Provided material>

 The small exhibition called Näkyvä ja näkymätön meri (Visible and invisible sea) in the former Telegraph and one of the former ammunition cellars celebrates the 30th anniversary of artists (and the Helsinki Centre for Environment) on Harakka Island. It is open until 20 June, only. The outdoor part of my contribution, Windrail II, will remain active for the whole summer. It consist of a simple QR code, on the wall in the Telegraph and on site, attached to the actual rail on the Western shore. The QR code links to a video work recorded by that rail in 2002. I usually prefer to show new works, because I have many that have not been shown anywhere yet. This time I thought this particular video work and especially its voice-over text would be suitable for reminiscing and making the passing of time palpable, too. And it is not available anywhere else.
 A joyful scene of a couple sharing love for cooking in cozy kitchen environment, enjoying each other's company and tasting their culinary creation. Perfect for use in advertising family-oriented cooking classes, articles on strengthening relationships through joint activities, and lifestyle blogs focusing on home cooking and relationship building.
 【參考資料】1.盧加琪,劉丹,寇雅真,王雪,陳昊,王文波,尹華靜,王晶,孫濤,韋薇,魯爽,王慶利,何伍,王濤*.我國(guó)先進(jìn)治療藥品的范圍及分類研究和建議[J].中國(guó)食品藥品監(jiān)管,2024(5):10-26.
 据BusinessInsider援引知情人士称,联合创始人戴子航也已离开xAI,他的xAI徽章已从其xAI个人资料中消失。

---

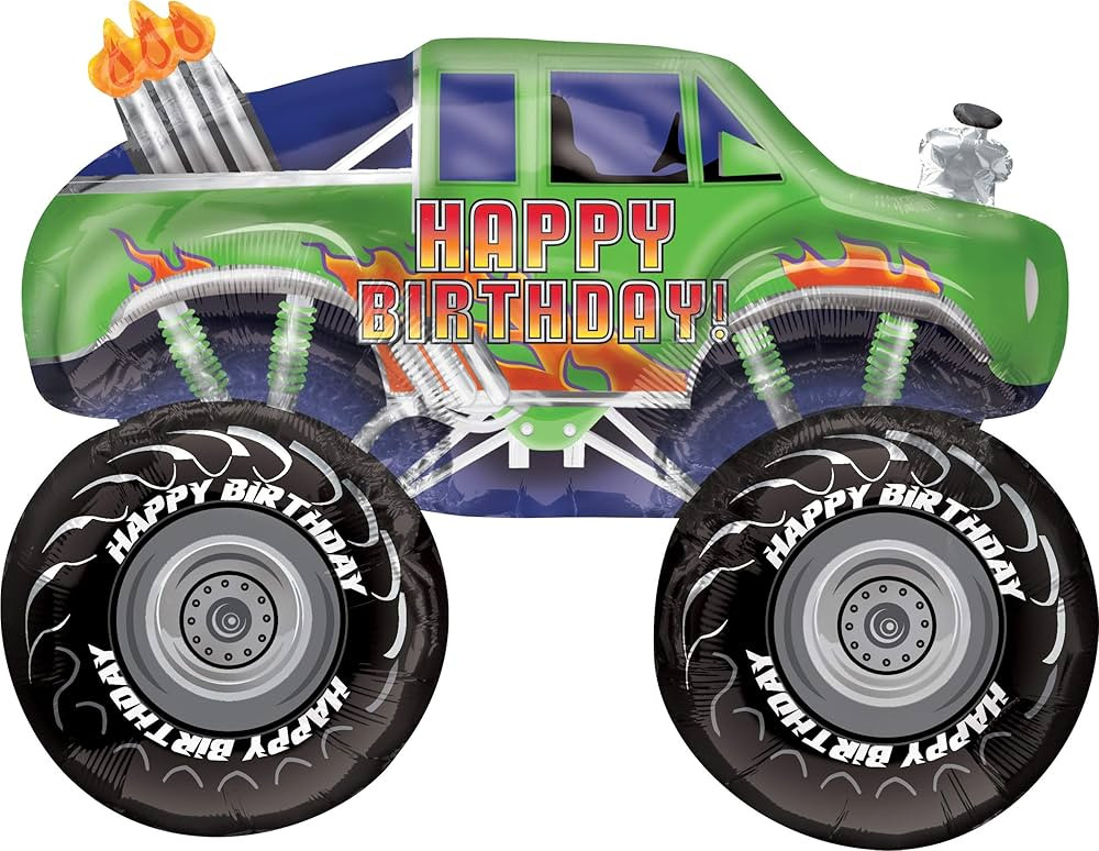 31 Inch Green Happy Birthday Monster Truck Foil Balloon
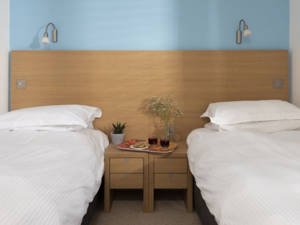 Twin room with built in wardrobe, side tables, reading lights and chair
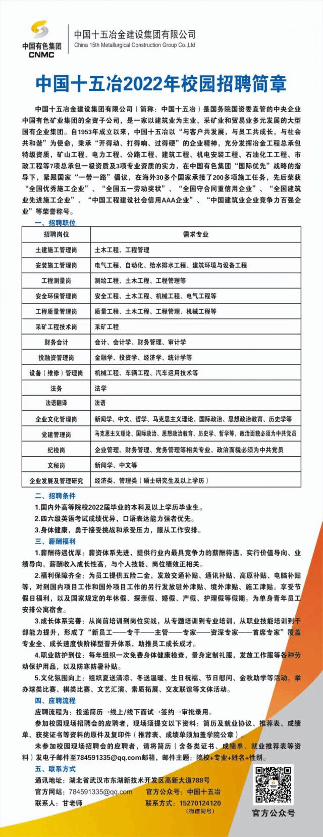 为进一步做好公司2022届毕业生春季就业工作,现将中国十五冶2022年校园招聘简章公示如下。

...

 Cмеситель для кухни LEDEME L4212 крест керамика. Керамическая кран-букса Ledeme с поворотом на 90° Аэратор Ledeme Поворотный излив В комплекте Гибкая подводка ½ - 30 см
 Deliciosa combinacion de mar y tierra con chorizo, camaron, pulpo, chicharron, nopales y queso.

What is required>
Return a word-for-word copy of the lines above from the one holding "Cмеситель для кухни" through the one holding "Deliciosa combinacion de", with both of them included and nothing besides.

Your solution>
 Cмеситель для кухни LEDEME L4212 крест керамика. Керамическая кран-букса Ledeme с поворотом на 90° Аэратор Ledeme Поворотный излив В комплекте Гибкая подводка ½ - 30 см
 Deliciosa combinacion de mar y tierra con chorizo, camaron, pulpo, chicharron, nopales y queso.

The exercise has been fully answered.